Nuestras primeras vacaciones con mi marido tuvieron muchas similitudes: recorrimos todo el norte de Chile en nuestro “Fito”, un noble Fiat 600, cuya única falla era el corte de la correa del ventilador, en pleno desierto, que se arreglaba artesanalmente y resistía hasta su cambio por una nueva. Parábamos en cada pueblecito para conocerlo, comer y sacar fotos; me atrajo el nombre Combarbalá y nos desviamos para ir a almorzar. El pueblo había sido asolado por un fuerte terremoto y pasaba por una fuerte crisis política, no había restoranes y tuvimos que conformarnos con unas galletas Tritón, hasta llegar a otro lugar donde almorzar, y una reprimenda “Tú y tus locas ideas de conocerlo todo”, que no me afectó porque venía feliz con el souvenir que había comprado, una “paloma de la paz” tallada en piedra de combarbalita. Al llegar a Antofagasta mi marido decidió que tomásemos un bus nocturno hasta Arica para que “manos expertas” nos trasladaran por una de las rutas más peligrosas del mundo: La cuesta Camarones. Llegamos muy temprano a esta hermosa ciudad, con palmeras por doquier y un agradable clima árido, A pesar de no contar con auto recorrimos muchos lugares, incluso atravesamos la frontera con Perú para conocer Tacna y fanfarronear que era un viaje internacional. El viaje de regreso nos permitió conocer otros lugares poco difundidos como atracción turística. Lo único que no pudimos visitar fue Iquique, que tuvo que esperar muchos años mi visita, pero lo importante es que lo logré conocer ¡más vale tarde que nunca!

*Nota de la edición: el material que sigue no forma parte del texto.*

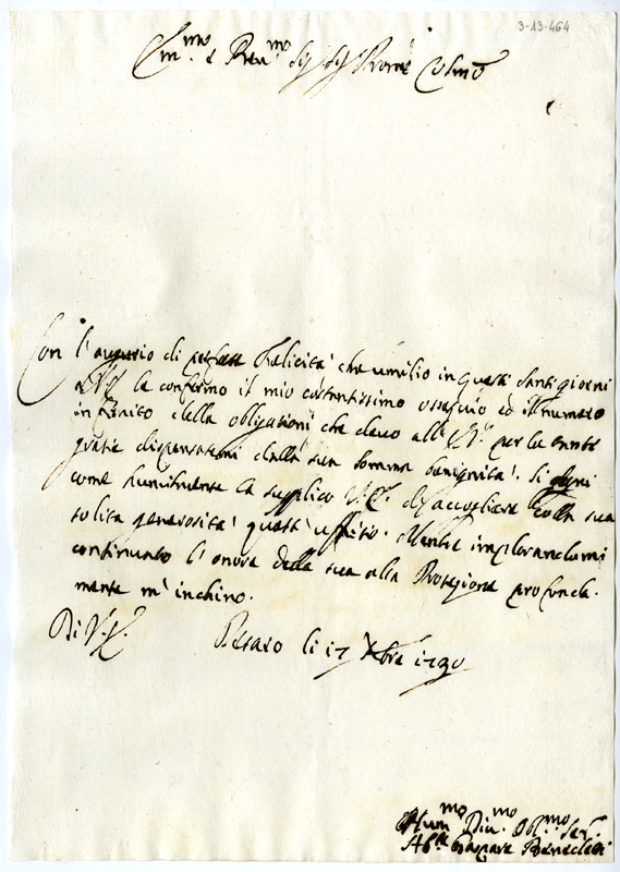 Lettera di Gaspare Benedetti al cardinale Annibale Albani (1730 dicembre 17)

Al año siguiente el recorrido fue hacia el sur con la misma modalidad, desviarnos de la ruta para conocer pueblitos como Rari donde conocí la artesanía con crin de caballo, Quinchamalí con artesanías en greda negra con hermosos diseños en blanco, el lago Budi cuya característica es ser de agua salada, entre otros. En este viaje nuestro Fito nos llevó hasta Chiloé, que era el último lugar donde se podía llegar por tierra. Años después, cuando se construyó la Carretera Austral, visitamos el resto del Sur con nuestros hijos y conocimos la Laguna San Rafael, El lago General Carrera con todos sus pueblos, Puerto Natales y Torres del Paine, pero a esa altura yo ya sabía conducir y muy a pesar mío tuve que colaborar con esa tarea. Nunca me ha gustado conducir porque me impide observar el entorno porque tengo que lidiar con los malos conductores, estar atenta a los baches del camino, a las señales del tránsito, etc. Agradezco a mi destino que me permitió ser copiloto de asiduos “amantes del volante” que, sin imaginarlo, colaboraron con mi pasión: plasmar con pintura al óleo sobre una tela, todos los lugares de mi lindo país, basada en mis recuerdos.

Ya conocíamos todo Chile cuando comenzamos a viajar al extranjero, primero a países vecinos -Argentina, Uruguay, Perú, Bolivia y Brasil- para seguir extendiendo las alas a otros continentes. He disfrutado cada uno de los lugares visitados, pero nunca los he plasmado en telas, para eso existen artistas locales que pueden darle un toque emocional y patrimonial. Además, mi país tiene tantos lugares maravillosos que aún no se ha agotado la fuente de inspiración y espero que surjan nuevas experiencias posibles de recrear para continuar con mi desafío: difundir Los paisajes y costumbres de Chile, tanto a nivel nacional como internacional.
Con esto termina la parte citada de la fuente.